History in literature and language

Metaphor is present in the oldest written Sumerian language narrative, the Epic of Gilgamesh:

My friend, the swift mule, fleet wild ass of the mountain, panther of the wilderness, after we joined together and went up into the mountain, fought the Bull of Heaven and killed it, and overwhelmed Humbaba, who lived in the Cedar Forest, now what is this sleep that has seized you? — (Trans. Kovacs, 1989)

In this example, the friend is compared to a mule, a wild donkey, and a panther to indicate that the speaker sees traits from these animals in his friend (A comparison between two or more unlike objects).

The idea of metaphor can be traced back to Aristotle who, in his “Poetics” (around 335 BC), defines “metaphor” as follows: “Metaphor is the application of a strange term either transferred from the genus and applied to the species or from the species and applied to the genus, or from one species to another or else by analogy.”[7] For the sake of clarity and comprehension it might additionally be useful to quote the following two alternative translations: “Metaphor is the application of an alien name by transference either from genus to species, or from species to genus, or from species to species, or by analogy, that is, proportion.”[8] Or, as Halliwell puts it in his translation: “Metaphor is the application of a word that belongs to another thing: either from genus to species, species to genus, species to species, or by analogy.”[9]

Therefore, the key aspect of a metaphor is a specific transference of a word from one context into another. With regard to the four kinds of metaphors which Aristotle distincts against each other the last one (transference by analogy) is the most eminent one so that all important theories on metaphor have a reference to this characterization.

The Greek plays of Sophocles, Aeschylus, and Euripides, among others, were almost invariably allegorical, showing the tragedy of the protagonists, either to caution the audience metaphorically about temptation, or to lambast famous individuals of the day by inferring similarities with the caricatures in the play.

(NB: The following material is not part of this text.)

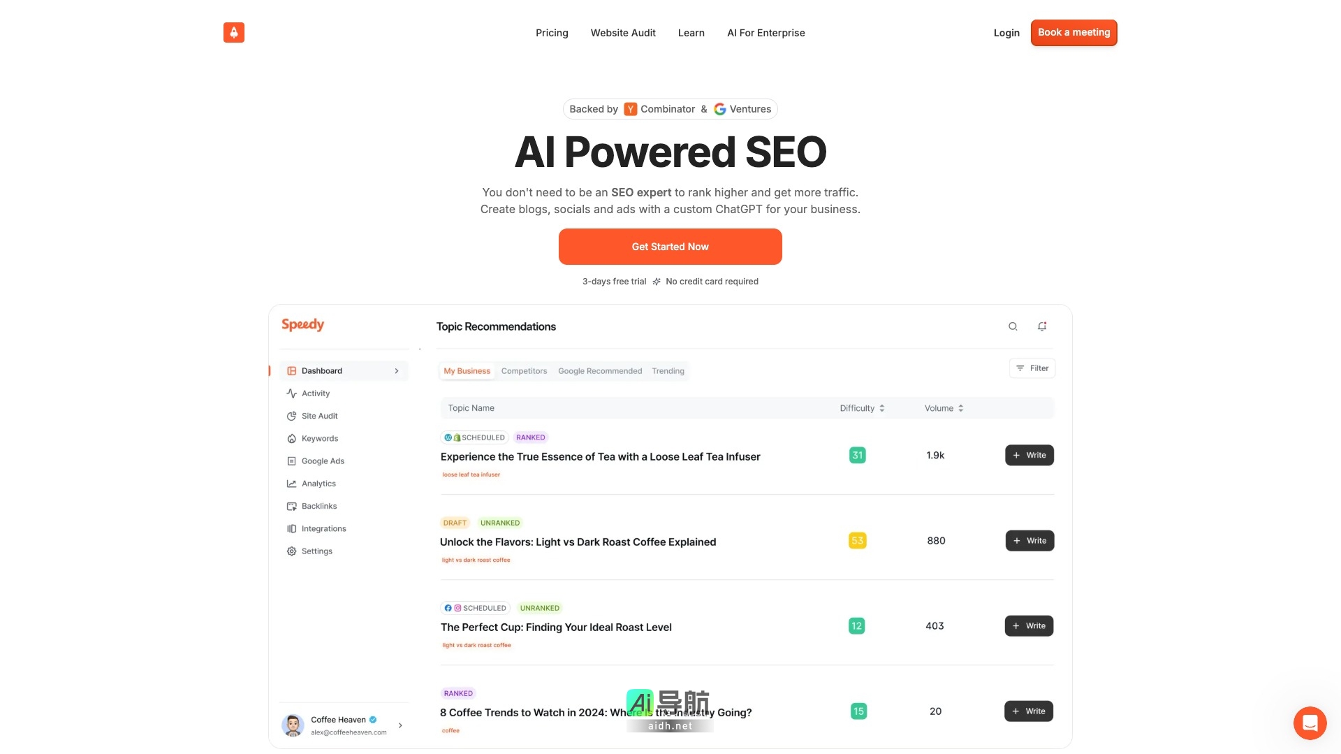 SpeedyBrand 是一款强大的 AI 驱动的 SEO 工具,旨在帮助企业提升在线可见度和流量。无论您是否是 SEO 专家,SpeedyBrand 都能为您提供所需的工具和支持,让您轻松创建高质量的博客、社交媒体内容和广告。

Even when they are not intentional, they can be drawn between most writing or language and other topics. In this way it can be seen that any theme in literature is a metaphor, using the story to convey information about human perception of the theme in question.

In historical linguistics

In historical onomasiology or, more generally, in historical linguistics, metaphor is defined as semantic change based on similarity, i.e. a similarity in form or function between the original concept named by a word and the target concept named by this word.[10]

ex. mouse: small, gray rodentsmall, gray, mouse-shaped computer device.

Some recent linguistic theories view language as by its nature all metaphorical; or that language in essence is metaphorical. [11]

Historical theories of metaphor

Metaphor as style in speech and writing

Viewed as an aspect of speech and writing, metaphor qualifies as style, in particular, style characterized by a type of analogy. An expression (word, phrase) that by implication suggests the likeness of one entity to another entity gives style to an item of speech or writing, whether the entities consist of objects, events, ideas, activities, attributes, or almost anything expressible in language. For example, in the first sentence of this paragraph, the word "viewed" serves as a metaphor for "thought of", implying analogy of the process of seeing and the thought process. The phrase, "viewed as an aspect of", projects the properties of seeing (vision) something from a particular perspective onto thinking about something from a particular perspective, that "something" in this case referring to "metaphor" and that "perspective" in this case referring to the characteristics of speech and writing.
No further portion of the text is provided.